# 9mm revolver



## HannibalTheCrow (Nov 22, 2006)

I ran across a really sweet Ruger 9mm snub-nose revolver at local gun shop. It was in really nice shape and it shot extremely well. I am use to using semi auto pistols but this was a really nice gun. They were asking $399 for it.

I almost bought it, but........I learned that you needed a moon-clip in order to eject the empty casings out of the cylinder. This kind of turned me off.

Is it really a big deal to use these? Do many people use them with revolvers or are they just a pain in the butt way of trying to load the gun faster? As you can tell I am not too familiar with revolvers. But, this gun was nice to handle and shoot.

Maybe it is just because I am so use to double stack auto mags>

Am I kind of passing up a great gun due to making a mountain out of nothing?

thanks for you input,

HannibalTHeCrow


----------



## Shipwreck (Jan 26, 2006)

For a 9mm, I'd rather have a semi-auto. But, there are some revolver fans that just like revolvers. 9mm is cheap. If U want the combination, I guess it is good.

I kinda would like a 45 ACP revolver 1 day.


----------



## Baldy (Jun 21, 2006)

IMHO moon clips are a PITA. They do aid in reloading maybe if your first name is Jerry and your last name starts with a M. A lot of people like them, but I don't care for them. Good luck if you buy it.


----------



## Revolver (Aug 26, 2006)

It's a good revolver and a great set-up for a snubby. I would at least consider it.


----------



## Bob Wright (May 10, 2006)

I've never used a 9mm with clips, but have had several .45ACP and used both half-moon and full-moon clips.

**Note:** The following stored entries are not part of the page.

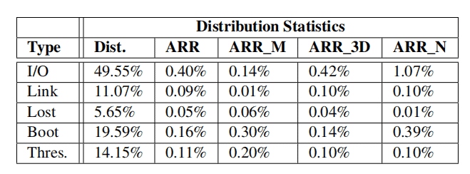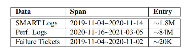 - Failure tickets: Each node in the cluster is configured with a daemon to monitor and report stoppage failures. Upon reporting, a failure ticket is generated (manually reviewed by engineers), containing basic information about the affected drive (e.g., model and hostname) and timestamp.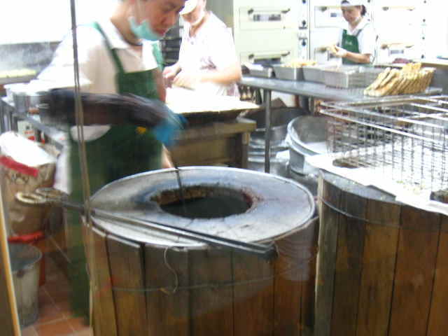 タンドリーみたいに熱い釜の内側に貼り付けて焼きます。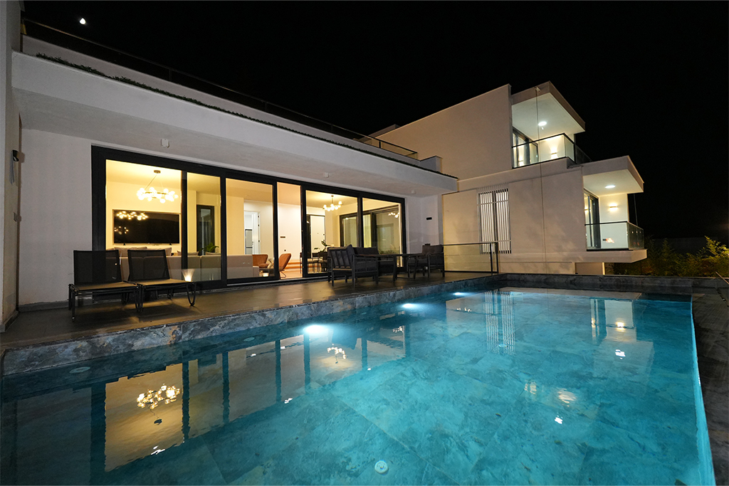Tamamen müstakil yapısı ve dışarıdan görünmeyecek şekilde tasarlanmış korunaklı özel yüzme havuzu ile mahremiyet arayan aileler ve çiftler için ideal bir konaklama alanıdır. Geniş ve ferah iç yaşam alanları, modern dekorasyonu, tam donanımlı mutfağı ve doğayla bütünleşen peyzajı ile misafirlerine rahat ve keyifli bir tatil sunar.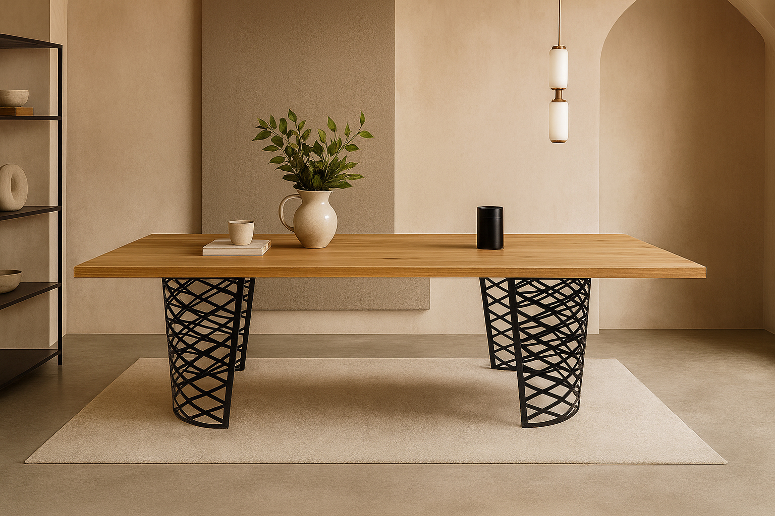 Η βάση αποτελεί το στοιχείο-υπογραφή του τραπεζιού. Πρόκειται για δύο ανεξάρτητα μεταλλικά πόδια με κυρτό σχήμα και τρισδιάστατο πλέγμα, εμπνευσμένο από γεωμετρικές φόρμες που συναντάμε στη σύγχρονη αρχιτεκτονική και τη γλυπτική.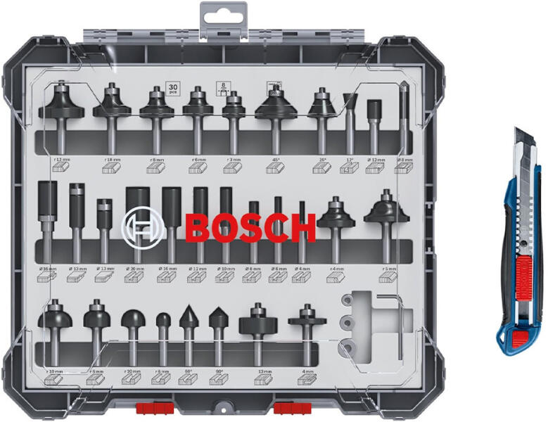 BOSCH Él- és Profilmaró készlet 30 részes 8 mm-es befogással + ajándék kés (0615997654)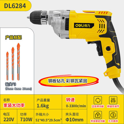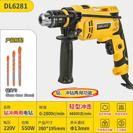 得力沖擊電鉆家用輕型手電鉆兩用電起子沖擊鉆電動螺絲刀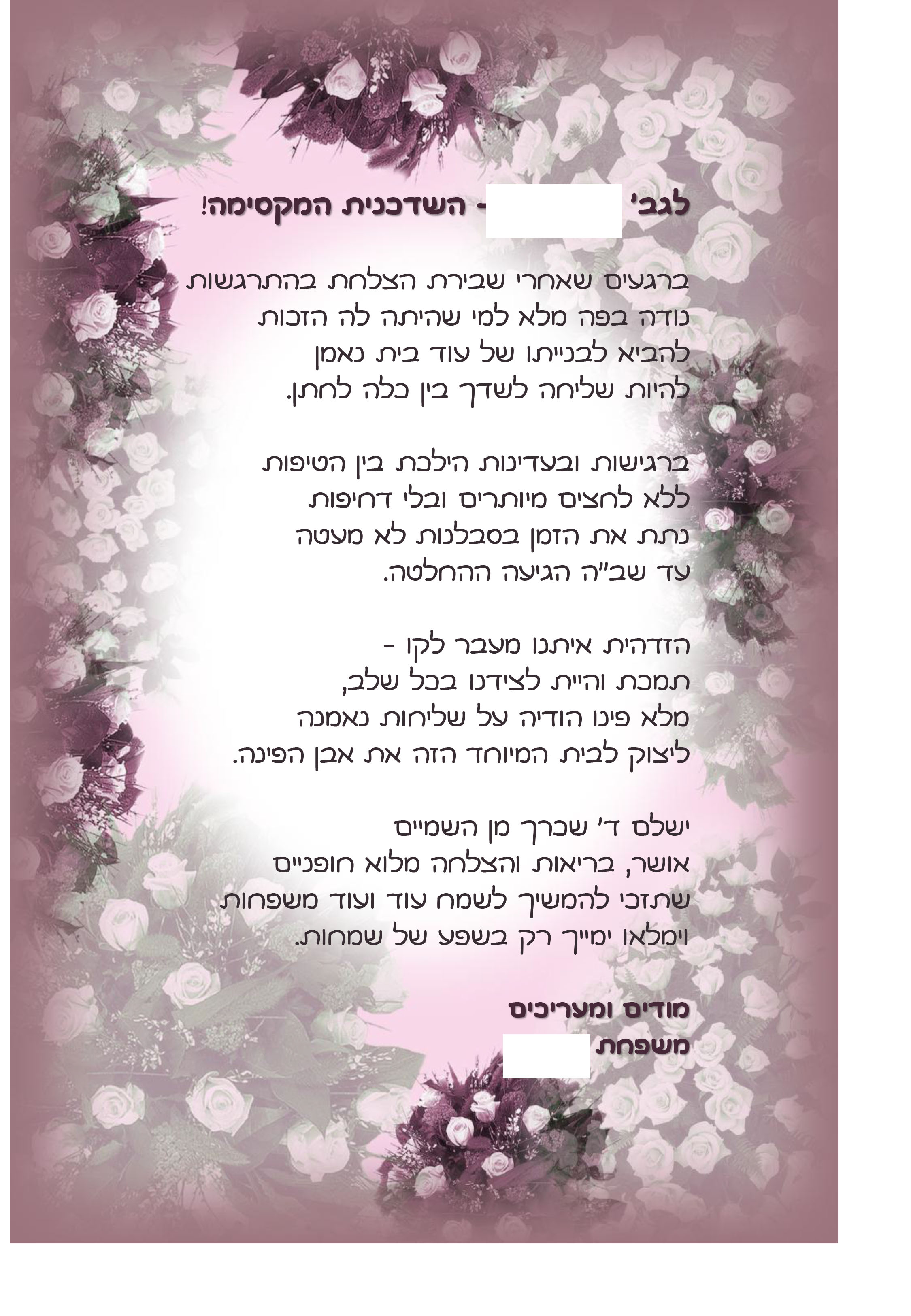 אשמח מאוד לקבל דוגמא לברכה לרבה ולמטפלת לטו בשבט

If your shooting session is 100 rounds or less, they're not too much of a problem if you have enough to load up ahead of time. But if your practice session runs around 300 rounds, they get pretty old FAST.

For your information, there was a 9mm rimmed cartridge some years back, but didn't last too long on the market. Most who preferred the 9mm cartridge opted for the autoloader. Otherwise, a .38 Special revolver filled the bill.

Bob Wright


----------



## jimg11 (May 17, 2006)

You could look for a S&W 547 K frame in 9mm but they are going up in price. they did not require clips. Real novel design. When they started drying up I started looking for a 3" but only found 4" ones. I haven't seen one for sale in a number of years. Wish I had picked up one in the 1980s when they were reasonably pleantiful.


----------



## LubeckTech (Dec 22, 2006)

It is pretty much a matter of personal preference and you seem to be biased against moon clips to start with. As for myself I love them in a S&W 625 .45ACP but the clips are cheap for this gun (about $1.25EA) and so was a tool to aid in unloading them. I shoot IDPA and the speed of loading is unmatched for a revolver. I own and love to shoot both autoloaders and revolvers as they both have sterngths and weaknesses. The biggest plus I can think of for a 9mm revolver is cheap ammo but if you reload(.38 spl is great inexpensive when reloaded) and want a dependable revolver a good used S&W K frame is hard to beat for the money and speed loaders do work well.


----------